As mulheres e pessoas que menstruam enfrentam variações em disposição, desempenho e até funcionamento cognitivo ao longo do ciclo menstrual, que se divide em menstruação, fase folicular, ovulação e fase lútea.
Essas flutuações são induzidas por hormônios sexuais como progesterona e estrogênio, e as implicações desses ciclos estão sendo melhor entendidas pela ciência contemporânea.
Um estudo recente publicado na Human Brain Mapping destaca que as variações hormonais ao longo do ciclo menstrual resultam em alterações estruturais no cérebro. Pesquisadoras da Universidade da Califórnia indicam que, além das áreas diretamente relacionadas ao ciclo, a quantidade de massa cinzenta, massa branca e líquido cefalorraquidiano também sofre mudanças, refletindo a progressão das fases do ciclo.
Os resultados mostram que a progesterona, que aumenta durante a fase lútea, está associada ao crescimento do tecido cerebral e à diminuição do líquido cefalorraquidiano. Este estudo foi o primeiro a demonstrar mudanças simultâneas na microestrutura cerebral em relação aos ritmos hormonais menstruais.
Investigações anteriores também associam a progesterona à alteração do volume do lobo temporal medial, uma área do cérebro pertinentemente responsável por funções cognitivas e emocionais. A bióloga e neurocientista Ana Paula Lima destaca que a progesterona pode afetar a plasticidade neural, impactando memória e humor, e interferindo na resposta ao estresse.
No que diz respeito a pessoas que utilizam contraceptivos hormonais, as oscilações hormonais naturais são neutralizadas, mas as mudanças cerebrais ainda podem ocorrer. “Apesar das variações individuais, é certo que a modulação de neurotransmissores do sistema nervoso central é afetada, o que pode resultar em alterações de humor e estabilidade emocional”, explica Lima.
Alterações ao Longo do Ciclo
Segundo a endocrinologista Ruth Clapauch, tanto o estrogênio quanto a progesterona variam ao longo do ciclo de 28 dias. No início da menstruação, os níveis hormonais estão baixos, aumentando gradativamente até o pico no momento da ovulação. Com a produção de progesterona pelo corpo lúteo, os níveis de estrogênio começam a cair, preparando o útero para uma possível fecundação.
A ginecologista Juliana Jordano acrescenta que cerca de 75% das mulheres apresentam alguma alteração na fase lútea, influenciando o bem-estar físico e emocional, embora a sensibilidade a essas mudanças varie de mulher para mulher.
Durante os últimos dias do ciclo, pode-se experienciar o Transtorno Disfórico Pré-Menstrual (TDPM), que é classificado em graus leves, moderados e graves, com os graus mais severos requerendo tratamento médico.
A especialista ainda afirma que o bem-estar mental pode ser afetado quando os níveis de estrogênio estão baixos, levando a uma sensação de confusão mental conhecida como “Brain Fog”. Em contrapartida, níveis elevados de hormônios podem resultar em maior produtividade.

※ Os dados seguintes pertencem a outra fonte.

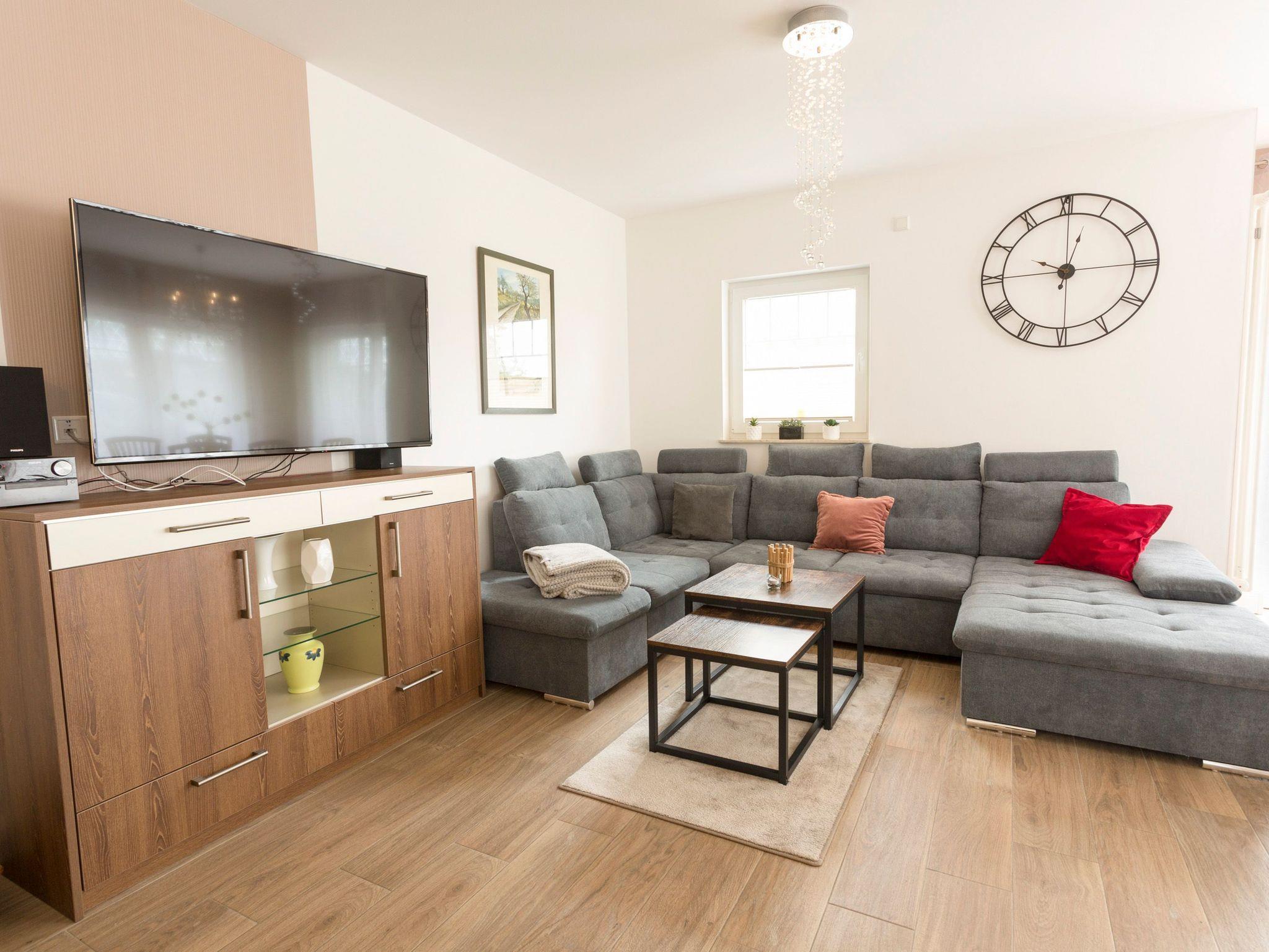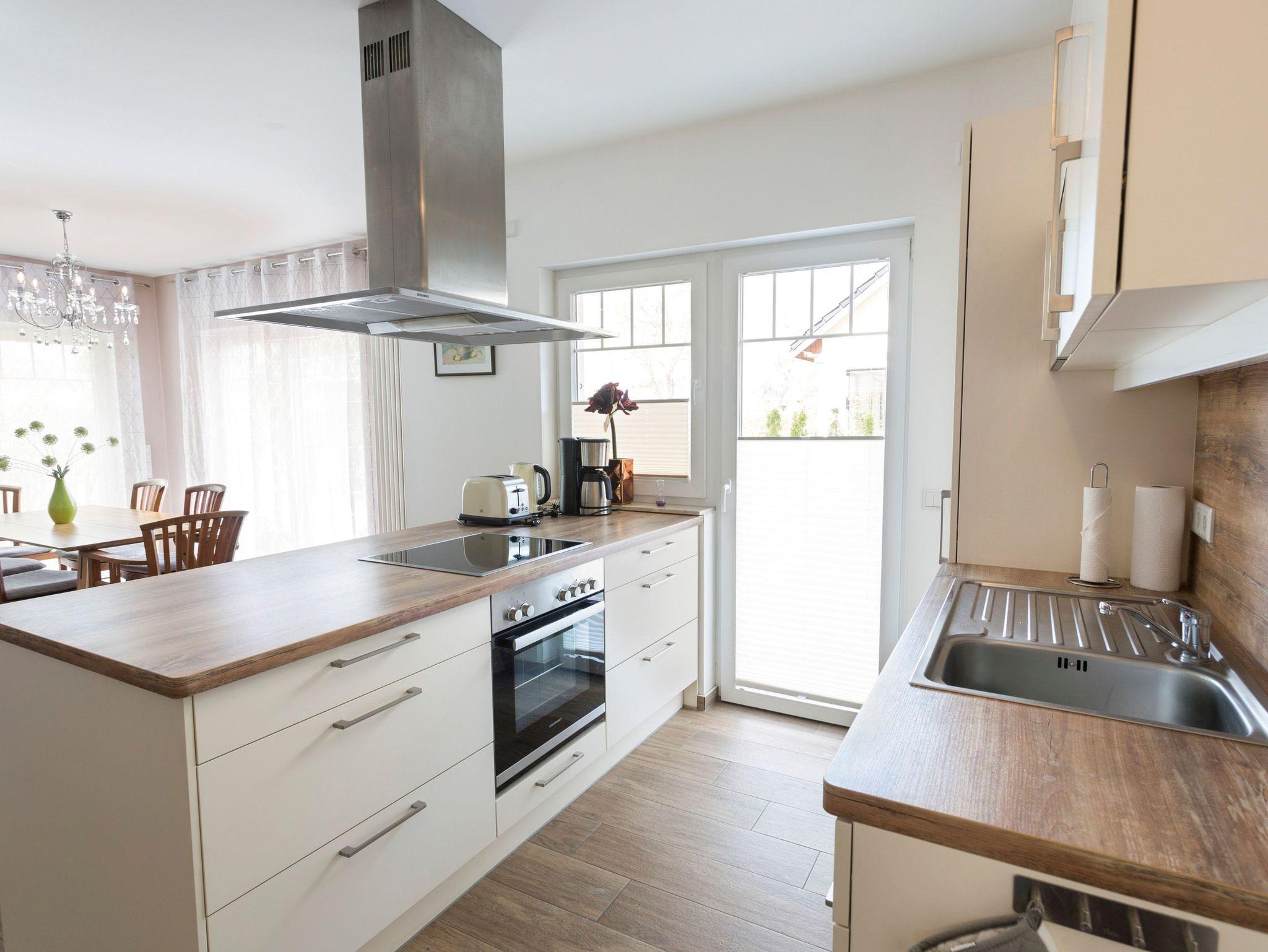 Im großzügigen Wohnbereich erwarten Sie eine gemütliche Wohnlandschaft, Kamin, Smart-TV, eine offen gestaltete Küche sowie ein großer Esstisch. Die Küche ist umfangreich ausgestattet mit Kühlschrank, Gefrierschrank, Ceran-Kochfeld, Backofen, Spülmaschine, Mikrowelle, Kaffeemaschine, Wasserkocher, Toaster und alle den kleinen Dingen des täglichen Bedarfs.

Esta compreensão sobre os ciclos hormonais reflete na crescente proposta de políticas públicas, como a licença menstrual, que visa oferecer a mulheres dias de descanso remunerado durante períodos de sintomas intensos relacionados ao ciclo. No Brasil, o Projeto de Lei 1.249/22 está em tramitação, buscando validar essa necessidade. Outros países, como Espanha e Japão, já implementaram iniciativas semelhantes.
Além dos desafios físicos, como cólicas menstruais, que afligem muitas mulheres, estudos revelam que uma significativa porcentagem de mulheres jovens sofre com dores menstruais, reforçando a necessidade de reconhecer e abordar essas questões mais eficazmente.
A pesquisa sobre a saúde das mulheres, conforme observado, ainda é insuficiente, resultando em uma lacuna de gênero no campo médico. Um estudo de 2022 revela que as mulheres são sub-representadas em pesquisas, frequentemente levando a diagnósticos e tratamentos inadequados, como evidenciado no caso da endometriose.
Fatores sociais e demandantes, como a carga de trabalho tripla enfrentada por muitas mulheres, também impactam diretamente a saúde hormonal e cerebral, mostrando que a saúde feminina é um campo que merece mais atenção e pesquisa.